Abstract
This study illustrates the optimization of low-volume dispensing on a liquid handling system (LHS) to overcome the precipitation of compounds in the mammalian cytotoxicity assay with low dimethyl sulfoxide (DMSO) tolerance. All compounds at AstraZeneca Bangalore are tested in the mammalian cytotoxicity assay. In order to maintain the DMSO levels, serially diluted plates were prepared in DMSO/water. It was observed that some of the compounds precipitated. The IC50 data for such compounds were therefore erratic. To circumvent the problem of compound precipitation, the LHS was optimized to dispense low volumes (<1 µL).
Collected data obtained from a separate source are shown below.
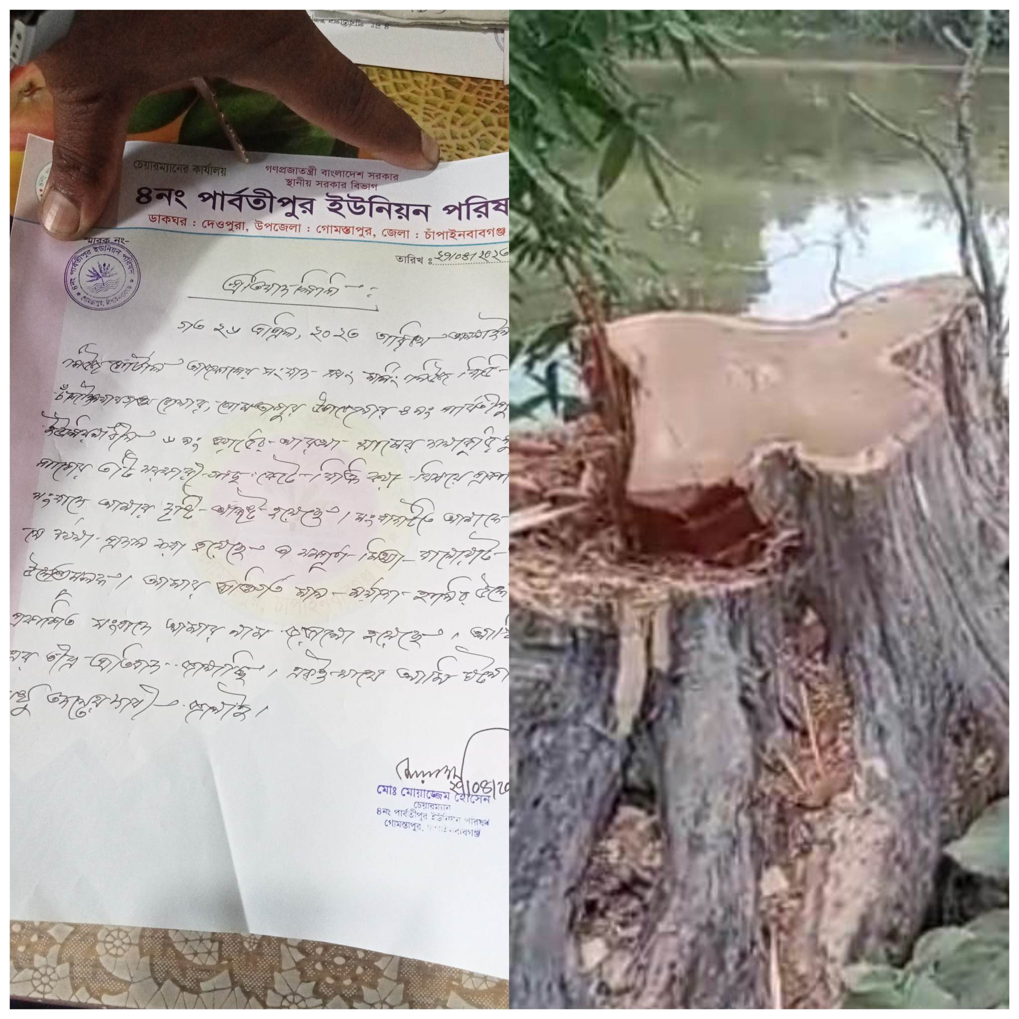 গোমস্তাপুরে সরকারি গাছ কেটে বিক্রির।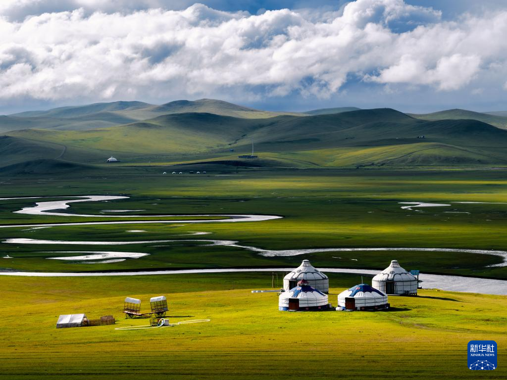 9月14日拍攝的內(nèi)蒙古呼倫貝爾市陳巴爾虎旗草原上的莫爾格勒河(無(wú)人機(jī)照片)。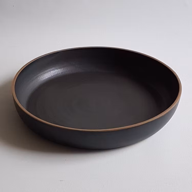 Handdrejad pajform i eldfast stengods. Tål även maskindisk & mikro. Ställ ej formen på kallt underlag när den är het. Även snyggt som salladsfat, fruktfat och uppläggningsfat. Eller varför inte ugnsbakade rotfrukter, potatis eller något annat tillbehör. Kött, fisk eller kyckling. Använd den så ofta du bara kan. Ca 30 cm i diameter, 5 cm hög. Rymmer ca 1,2 l. Finns också i en mindre storlek.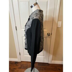 Knitted & Knotted Gray & Black Floral Embroidered Jacket W/ Boiled Wool, Size XL

The plates were serially diluted using neat DMSO. Since the dilution was done using neat DMSO, there were no issues with precipitation. The serially diluted sample (0.5 µL) from the plate was stamped onto the assay plate to give the desired DMSO concentration. No significant differences in IC50 data were observed for 1 µL dispenses made from DMSO/water and 0.5 µL dispenses from neat DMSO for the samples with no precipitation issues. These data therefore gave us the confidence to switch over to 0.5 µL dispenses for the cytotoxicity assay to address the precipitation issue. However, precipitation of samples in the assay buffer is beyond the scope of this discussion.
Keywords
Introduction
Tuberculosis and malaria are two major global public health threats and cause substantial morbidity, mortality, negative socioeconomic impact, and human suffering. 1 Despite the significant increase in financial support and recent progress in addressing these two diseases, important obstacles and unmet priorities remain. Malaria is still in the top five causes of morbidity and mortality, especially among children of the age group 0–5 years. 2
Compound Management (CM) at AstraZeneca Bangalore, India, is a central and enabling function. The team supports the neglected diseases area, that is, tuberculosis and malaria, at various stages in the drug discovery cascade by dispensing compounds in the formats requested by the project teams. In the last decade or so, high-throughput screens with precision have become essential and have a major role to play in screening large compound libraries at the early stage of drug discovery programs.3,4 At AstraZeneca, we have tried to build high throughput into every possible aspect of the screens. 5
Samples are dispensed for in vitro and in vivo testing against Mycobacterium tuberculosis and Plasmodium falciparum. The in vitro cytotoxicity of compounds is measured against A549 human lung carcinoma cells to determine their safety. This assay helps to identify compounds with potential cytotoxicity issues. Structure–activity relationship (SAR) efforts are put in place to identify and modify the regions contributing to the toxicity of the flagged compounds.
The compound plate preparation process involved solubilization of solid compounds in DMSO and transfer of the required stock volume into the intermediate plate. This was followed by serial dilution of the intermediate plate and copying it onto the assay plate. The dilution and the assay plate preparation were done using the Biomek FX liquid handling system.
All compounds in the lead identification and lead optimization stage were tested in A549 cytotoxicity assay. 6 The assay has a DMSO tolerance of ≤1%. In order to achieve the desired level of DMSO in the assay, the DMSO stock was diluted with 50% water. However, some of the compounds were precipitated on addition of water. The IC50 data on compounds with solubility issues therefore may not be reliable. The focus of this study is on optimization of the Biomek FX LHS for low-volume dispensing in order to generate meaningful and consistent data for compounds with solubility issues. This would facilitate faster progression of projects.
Materials and Methods
Compound Plate Preparation
The compounds for the validation study were solubilized in DMSO at a stock concentration of 10 mM. The DMSO stocks prepared are stored under controlled conditions at 10% relative humidity and 20 °C temperature. The compound processing and distribution is tracked through a locally developed web-based dispensary application.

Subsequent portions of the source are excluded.